Welsh Women’s Aid Board of Trustees Chair, Kirsty Palmer, has confirmed that Sara Kirkpatrick will be continuing as CEO on a permanent basis.

“Eleri left a lasting legacy which has driven forwards Welsh Women’s Aid and we look forward to seeing this work continue outside of the organisation.

“ We know that Eleri will continue to be a fantastic force for change and we wish her every success with her new work. I know she will continue to be a friend of not only Welsh Women’s Aid, but also the violence against women and girls, domestic abuse and sexual violence sector more widely. Her expertise and contribution will be invaluable as we continue to work to our common goal.

“We feel very fortunate to have a great successor in place in Sara, and the Board of Trustees looks forward to working with her and our members in the coming years”.


Sara Kirkpatrick, CEO of Welsh Women’s Aid has been in post for four years having worked in the sector for over 30 years. Sara brings with her experience from a range of organisations like Respect, where she led on research and services development programmes across the UK.

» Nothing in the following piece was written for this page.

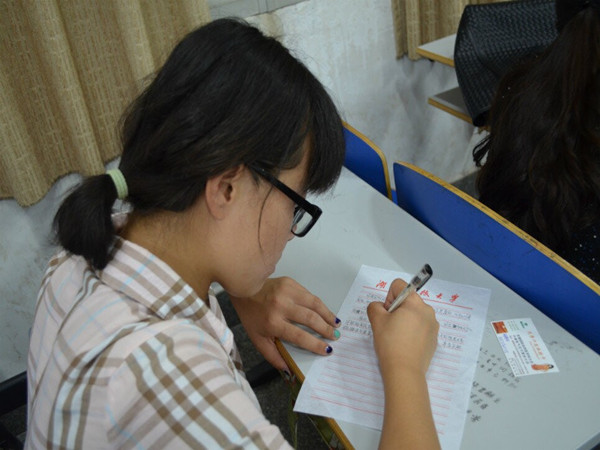第十一届团委宣传部部长曾诗鑫、物理与电子科学学院宣传部部长王亚兵等嘉宾到场进行指导。 晚上7点整,比赛在震撼的开场视频中拉开序幕。首先进行的是短作文写作比赛。一段视频引出了本次短文写作的主题,小小参赛者们开始提笔思索,顿时浓郁的写作气氛充斥着整个赛场...... 紧接着,由主持人向大家展示了本次长作文写作的备选题目。《给五年前的我》、《盲》、以“秋天责备”和“诗·史”为主题作文。这些作文题目看似新颖,其实是想让参赛者能够取材于生活,用慧眼来发现平凡中的美,引导大家捕捉生活中的精彩。“我们从来无法预知未来,也无力改变历史,如今的欢笑苦痛都是既定的,若知今日,还愿意好好地对曾经的自己说些什么。提起笔,轻叙慢述,给自己一个完美的交代.......”正如《给五年前的我》这一作文题所要求的这样,能够在文字中去认清现在的自我,或许在未来的航路里,我们才不会迷失方向。 时间在沙沙的写字声中悄悄流逝,赛场上法院骄子、物电精英肆意挥洒,激扬文字,任墨香飘散于教室之中。他们时而托腮凝思,时而奋笔疾书,用生花妙笔尽情书写人生,来抒发自己的真情实感. 数风流人物,还看今朝。写作小能手即将在他们中间诞生。2014级法学院和物理与电子科学学院的精英们,让我们共同拭目以待! (责任编辑:admin) |

“I was honoured to be given the opportunity to lead Welsh Women’s Aid in Eleri’s absence.

“I could never have anticipated such challenging times as we have faced such as a global pandemic, the consequences of Brexit and a cost-of-living crisis which shows no signs of abating. I look forward to continuing to work with partners in Wales and beyond. Our new, upcoming strategy offers up an opportunity to renew our commitments to ending violence against women, domestic abuse and sexual violence”.